I continue to be fascinated with the Occupy Wall Street protests. I can't help but notice points of comparison with the Tea Party protests, as certain positions have been reversed. Mainly, where patriotism or anger-as-hate was seen in the Tea Party, it has now reversed position on Occupy Wall Street in many quarters.
What a loss! Blind partisanship and tribalism can be so debilitating. I believe there is great common ground to be shared, if Tea Partiers care to unite with Occupiers. How hard is it for both sides to agree that government shouldn't have bailed out financial institutions, especially if the money was going to be spent on executive bonuses and the like? The common ground is injustice.
The common ground for anger is the injustice of crony capitalism, which isn't capitalism at all, but corporatism. The transfer of wealth from the many to the few is unjust. Period. Focus on that, and the movements can merge and become a dazzlingly effective, powerful force. Otherwise, the left and the right will snipe at each other over so many things, many of which are far from substantial, and the energy will be wasted.
2 comments:
"I can hire one-half of the working class to kill the other half." -- Jay Gould.
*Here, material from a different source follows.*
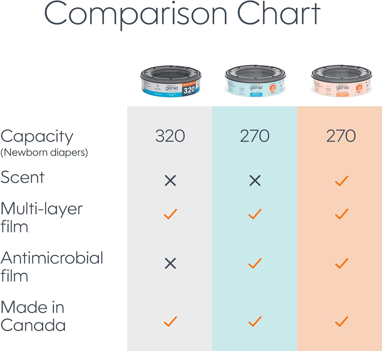 The Diaper Genie Essentials Round Refill 4-pk can hold up to 1280 newborn-sized diapers and is made from durable multi-layer film that features odor-locking barrier technology preventing odors from escaping and keeping your nursery fresh. Compatible with Diaper Genie Complete Pail and Expressions Pail.

Half can be seen in the Tea Party and the other half in the Occupy Wall Street movement.
The culture war between the two factions is probably such that they won't ever combine to address the "great vampire squid[s] wrapped around the face of humanity, relentlessly jamming its blood funnel into anything that smells like money."
With that quote, you did the kind of well poisoning that leads to distracted factionalism.
Yes, arriving at common ground will require letting go of some absolutes. Some will have to let go of the notion that business can do no wrong. Others will have to let go of the notion that government can do no wrong. The question is, which is more important: self-gratification, or results?